4.2. Proximate Analysis

After manually squeezing out the grape juice, the remaining residues were dried at 65 °C for 18 h (Tianjin Test Instruments, Tianjin, China). Afterwards, they were ground to pass the 60-mesh sieve, which resulted in crude grape powder (2500C, Hong Taiyang Electromechanical, Dongguan, China). The obtained crude grape powder was divided into three portions to be used for the following:
(1)
Fundamental constituent analysis.
(2)
Separation of DF into pectin, hemicellulose, lignin, and cellulose.
(3)
Fraction of DF based on their solubility.
The fundamental constituents of the samples were quantified in accordance with the methodologies prescribed by the Association of Official Analytical Chemists (AOAC). Specifically, the quantification of ash, moisture, crude protein, and fat adhered to the AOAC protocols numbered 942.05, 925.09, 955.04, and 920.39, respectively.

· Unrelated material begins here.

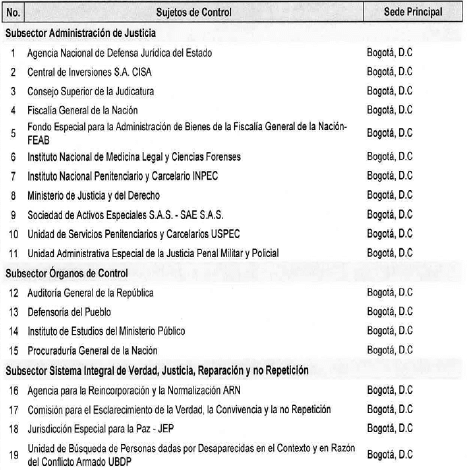 ARTÍCULO 10. CONTRALORÍA DELEGADA PARA EL SECTOR JUSTICIA. <Resolución derogada por el artículo 33 de la Resolución REG-EJE-0093 de 2021> La Contraloría Delegada para el Sector Justicia, será competente para ejercer la vigilancia y el control fiscal a los siguientes sujetos de control: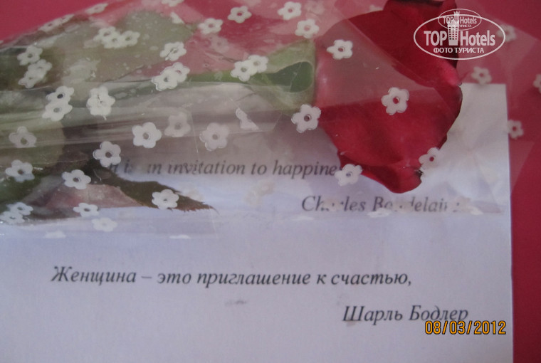 1.Разместили сразу же,хотя приехала в 11 часов утра,номер с видом на море в вилле скорпон. Номера очень хорошие. Особенно радует кровать и постельные принадлежности(очень удобные).Номера,по сравнению с прошлым годом убирали очень хорошо. Если оставляла 1 долл,то крутили лебедей и приносили цветы. Если не оставляла,то убирали так же хорошо,но лебедей уже не крутили.

4.3. Determination of Pectin, Hemicellulose, Lignin, and Cellulose

The crude grape powder was separated into pectin, hemicellulose, lignin, and cellulose [49]. Briefly, every 1 g of crude powder was mixed with 15 mL 0.5% ammonium acetate (Aladdin Biochemical Technology, Shanghai, China), followed by 1.5 h heating at 90 °C. After cooling to room temperature, the mixed solution was filtered through a 60 mm Buchner filter by a vacuum filtration apparatus (KM-25S, Kemai Instrument, Ningbo, China) and washed with distilled water, pure methanol (Aladdin Biochemical Technology, Shanghai, China), and pure acetone (Sinopharm Chemical Reagent, Shanghai, China) sequentially (2–3 times each). The remaining substance on the filter was then dried and weighed as W1. The filtrate was mixed with anhydrous ethanol (1: 4 v/v) before centrifugation (Avanti JXN-26, Beckman, Brea, CA, USA) at 6000 rpm 20 min. The obtained pellet was then dried (75 °C for 12 h) and weighed as the pectin substance C1. Residue W1 was mixed with 20 mL of 7% potassium hydroxide (Sinopharm Chemical Reagent, Shanghai, China) containing 0.1% sodium borohydride (Sinopharm Chemical Reagent, Shanghai, China), followed by heating at 85 °C 1.5 h, cooling to room temperature, and filtering (as previously mentioned) to obtain the residue. This residue was then sequentially washed with distilled water, methanol, and acetone, and dried, weighed, and noted as W2. The filtrate was neutralized with pure acetic acid (Sinopharm Chemical Reagent, Shanghai, China) before mixing with pure anhydrous ethanol (Meryer Chemical Technology, Shanghai, China) (1: 4 v/v) for precipitation. After centrifugation at 6000 rpm for 20 min, the pellet was dried (75 °C for 12 h), weighed, and noted as hemicellulose substance C2. The residue substance W2 was mixed with 5 mL of 50% sulfuric acid and stored at 4 °C for 12 h, before being filtered, dried, and weighted as W3. The ash content in W3 was noted as W4.
L i g i n = W 3 W 4
C e l l u l o s e = W 2 W 3 W 4

4.4. Separation of Dietary Fibers (DFs) Based on Their Solubility

The crude grape powder was separated into soluble dietary fiber (SDF) and insoluble dietary fiber (IDF) according to the method described earlier [50]. Specifically, crude grape powder was mixed with hexane (2:5 weight (g)/volume (mL)) and heated at 55 °C 90 rpm/min for 2 h (SHA C, Bona Technology, Hangzhou, China). After precipitation, the remaining pellet was dried in a fume hood and mixed with hexane two more times to remove remaining fats. The obtained pellet was mixed with distilled water (1:10 weight (g)/volume (mL)) and the solution pH was adjusted to 7.0 before heating to 90 °C. While keeping the temperature at 90 °C, the obtained solution was treated with 20 mL of high temperature alpha amylase (20,000 U/mL) for 1 h before adjusting the pH to 6.0 at room temperature. The working solution was then heated to 50 °C and treated with 25 mL of protease (≥14,000 U/g) for 4 h before adjusting the pH to 5.0 at room temperature. Afterwards, the working solution was heated to 60 °C and treated by 1.2% cellulase for 2 h. Added enzymes were then deactivated by heating the working solution at 90 °C for 5 min, followed by centrifugation at 4000 rpm/min for 30 min. The obtained pellet was dried at 65 °C overnight as IDF (Figure 8A–D). The obtained supernatant was mixed with 100% ethanol (1:4 v/v). After precipitation, the obtained pellet was dried at 65 °C overnight as SDF (Figure 8E–H).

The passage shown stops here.